*The task*. Write down exactly what lies from the line containing "Colar Gota Madre" to the end of the records, inclusive, and omit the pictures.

*Data to process*.
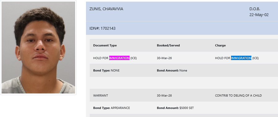 • Zunis was charged with contributing to the delinquency of a child. He was booked on a $5000 bond.
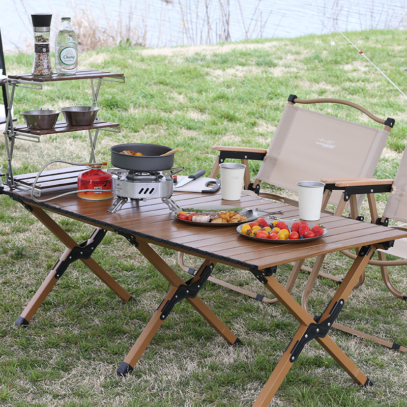 탄소강 접이식 테이블 비치 가구 스타일 간단한 캠핑 접이식 테이블 금속 테이블 바베큐 의자 야외 계란 롤 테이블
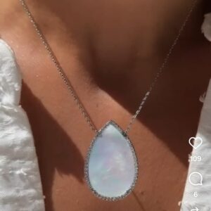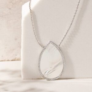 Colar Gota Madre Pérola Grande Banhado à Ródio Branco Cravejado com Zircônia Branca
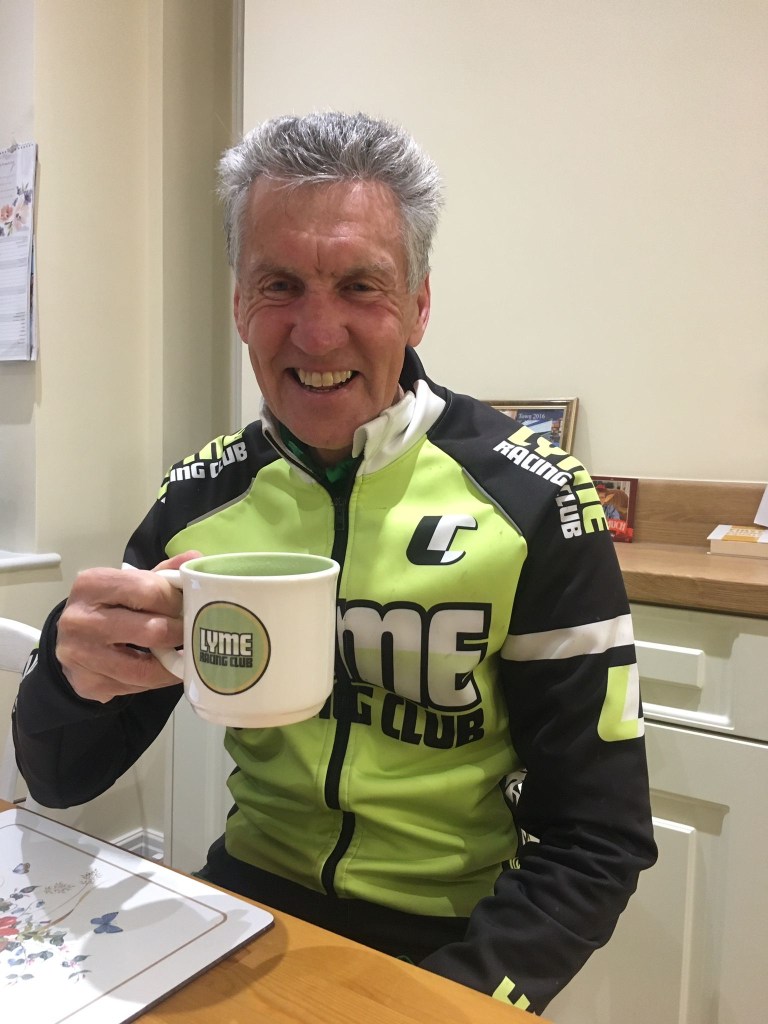 Left: “Lord Juggins” enjoying a morning brew in his favourite Lymies mug.
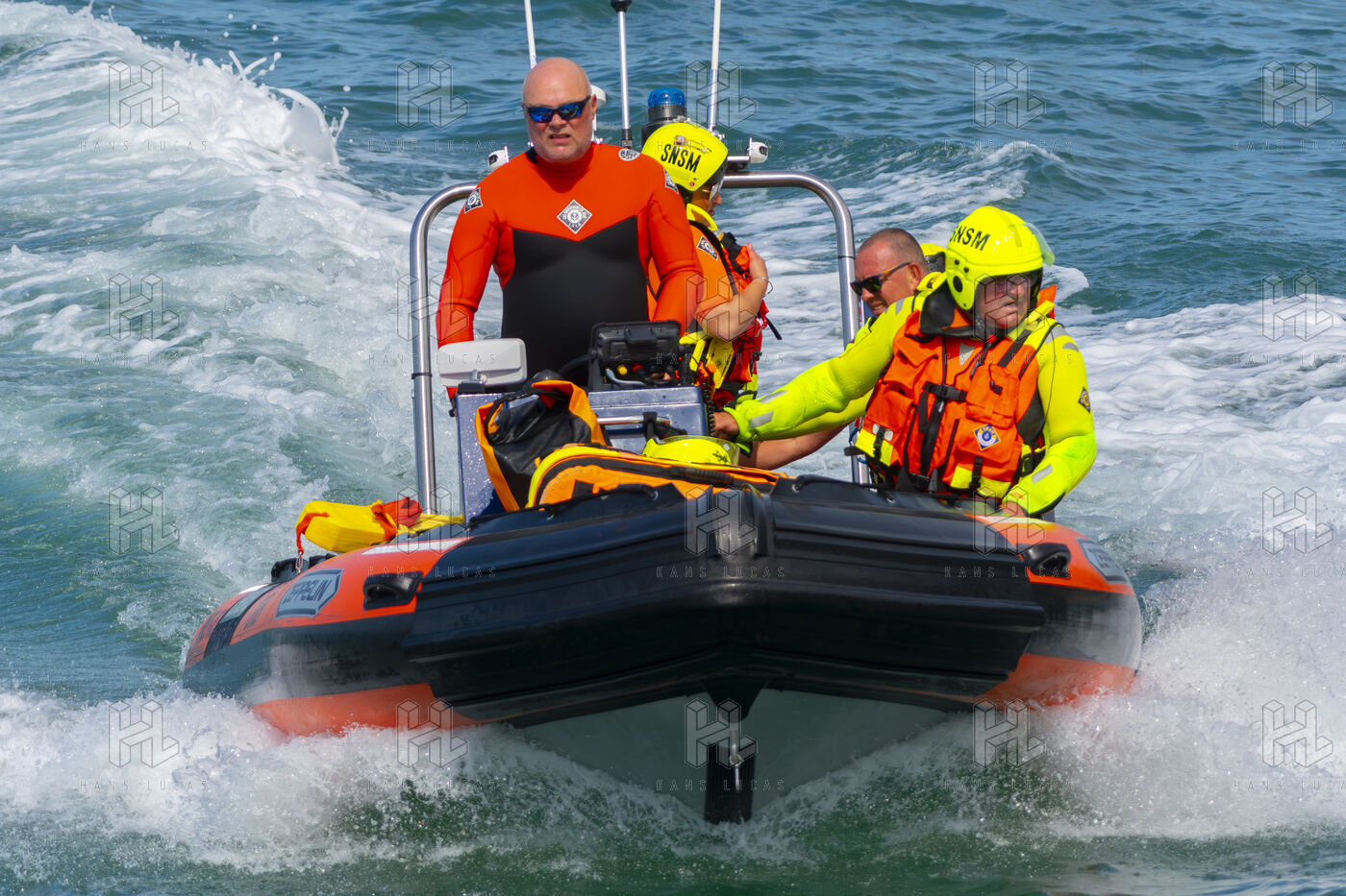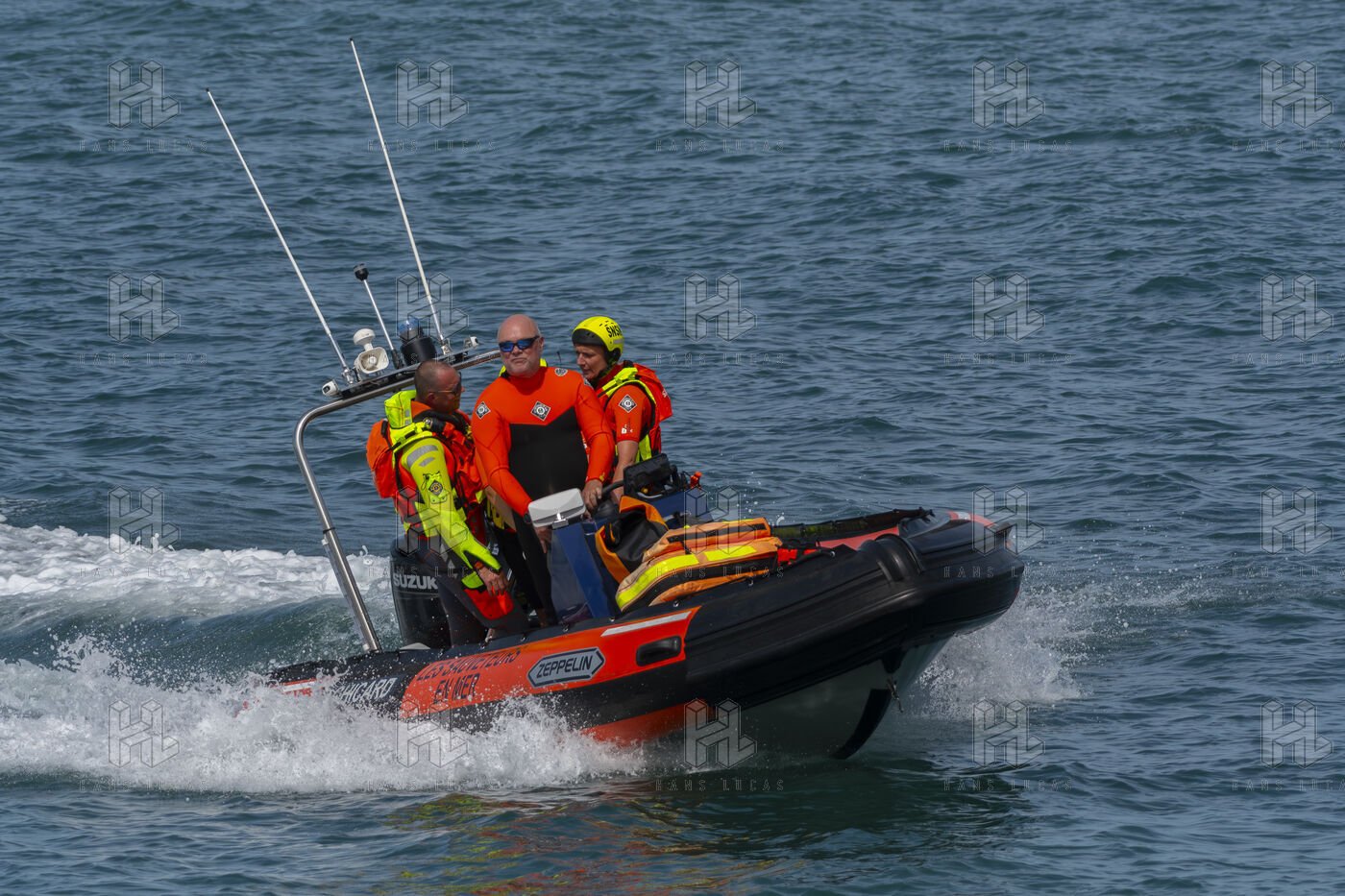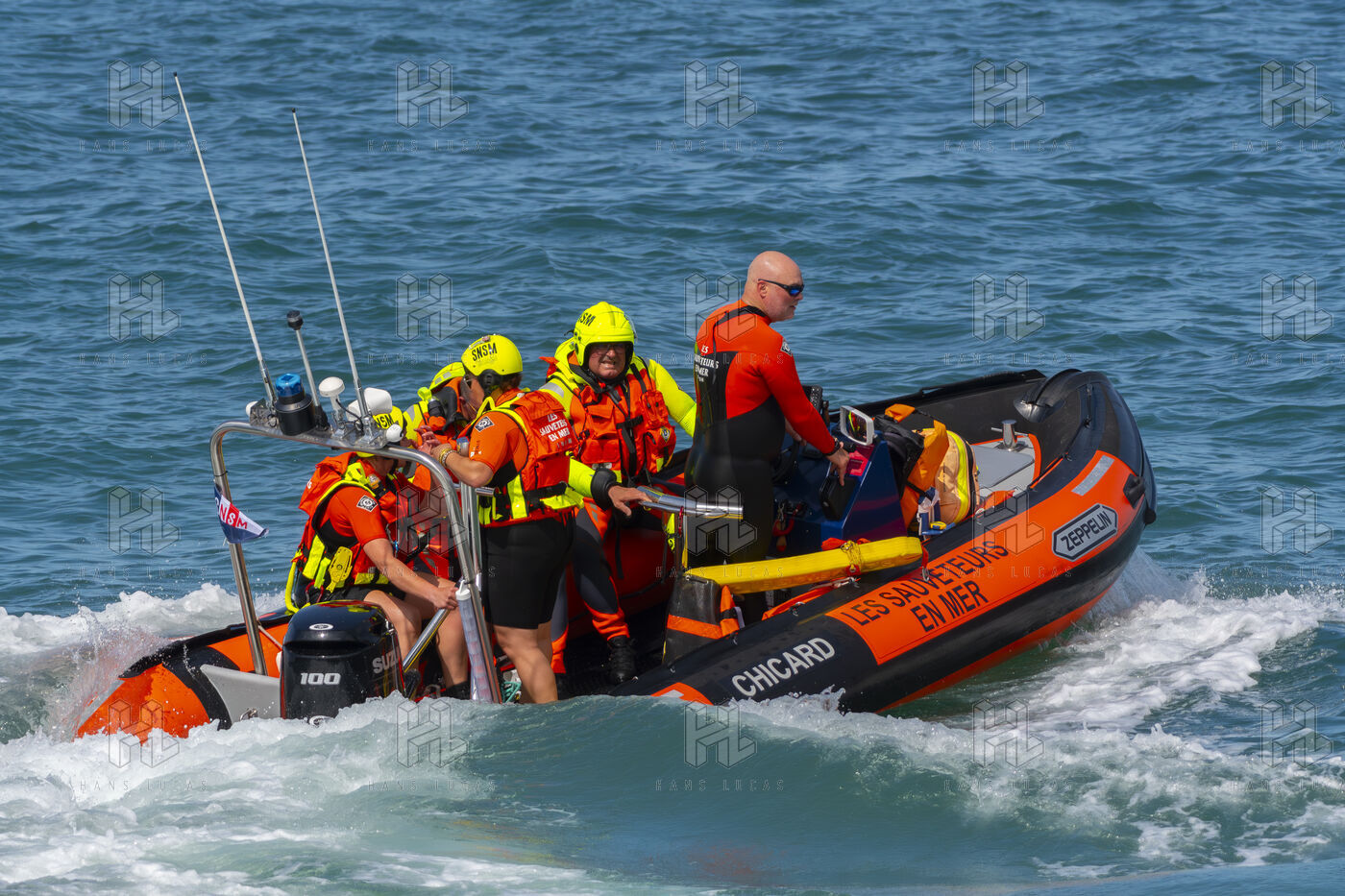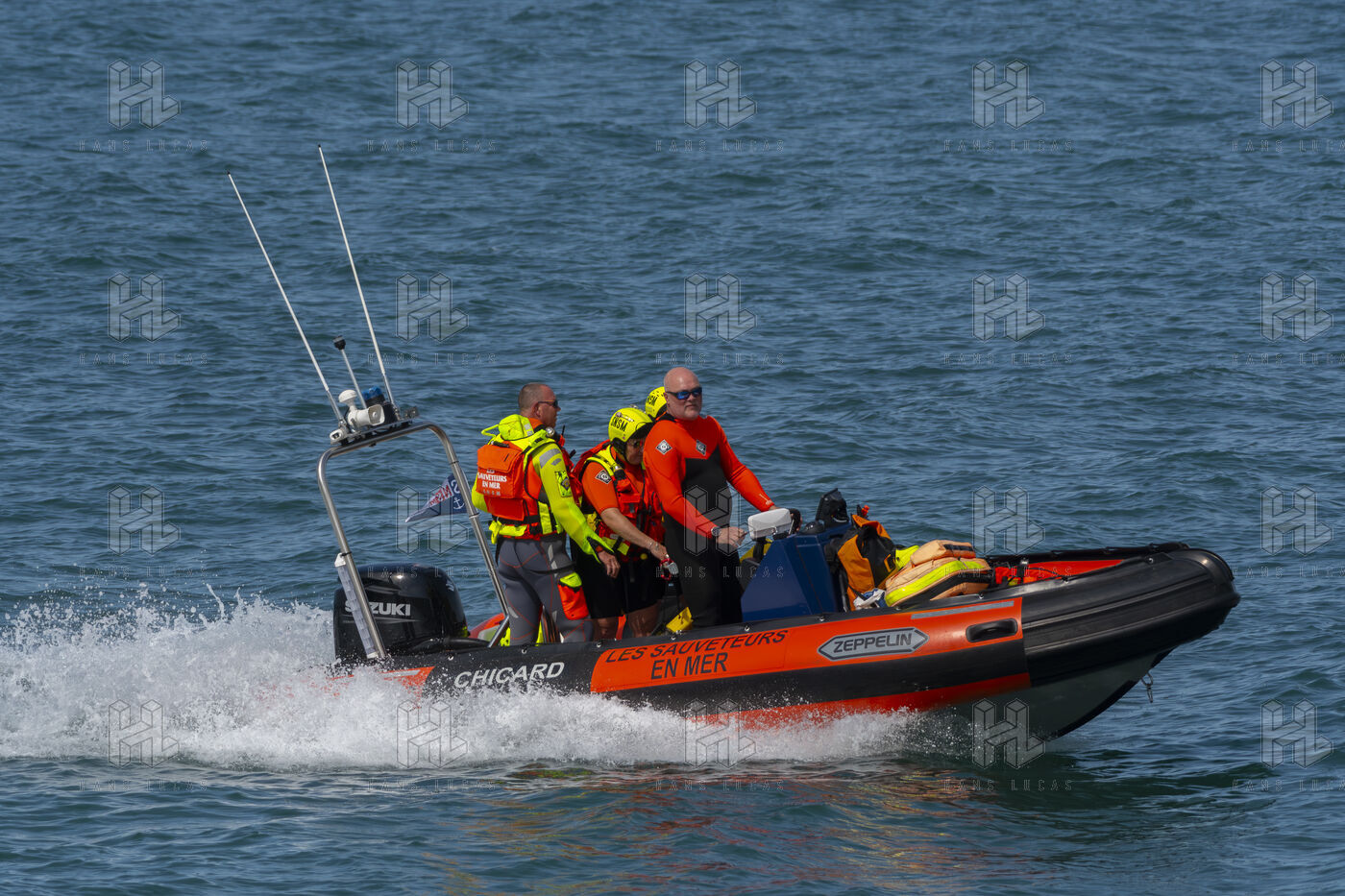 La SNSM d'Yport en Seine Maritime, effectue des exercices de sauvetages devant la baie d'Yport, une belle journée enseoleillée de Juillet, les éoliennes offshore de Fecamp sont en fond, des bateaux, voiliers, la falaise montre l'érosion du au climat, un petit garçon demande un bracelet au responsable de la station de la SNSM d'Yport monsieur Jean Luc Lars.

*Result of the exercise*.
 Colar Gota Madre Pérola Grande Banhado à Ródio Branco Cravejado com Zircônia Branca
 Left: “Lord Juggins” enjoying a morning brew in his favourite Lymies mug.
 La SNSM d'Yport en Seine Maritime, effectue des exercices de sauvetages devant la baie d'Yport, une belle journée enseoleillée de Juillet, les éoliennes offshore de Fecamp sont en fond, des bateaux, voiliers, la falaise montre l'érosion du au climat, un petit garçon demande un bracelet au responsable de la station de la SNSM d'Yport monsieur Jean Luc Lars.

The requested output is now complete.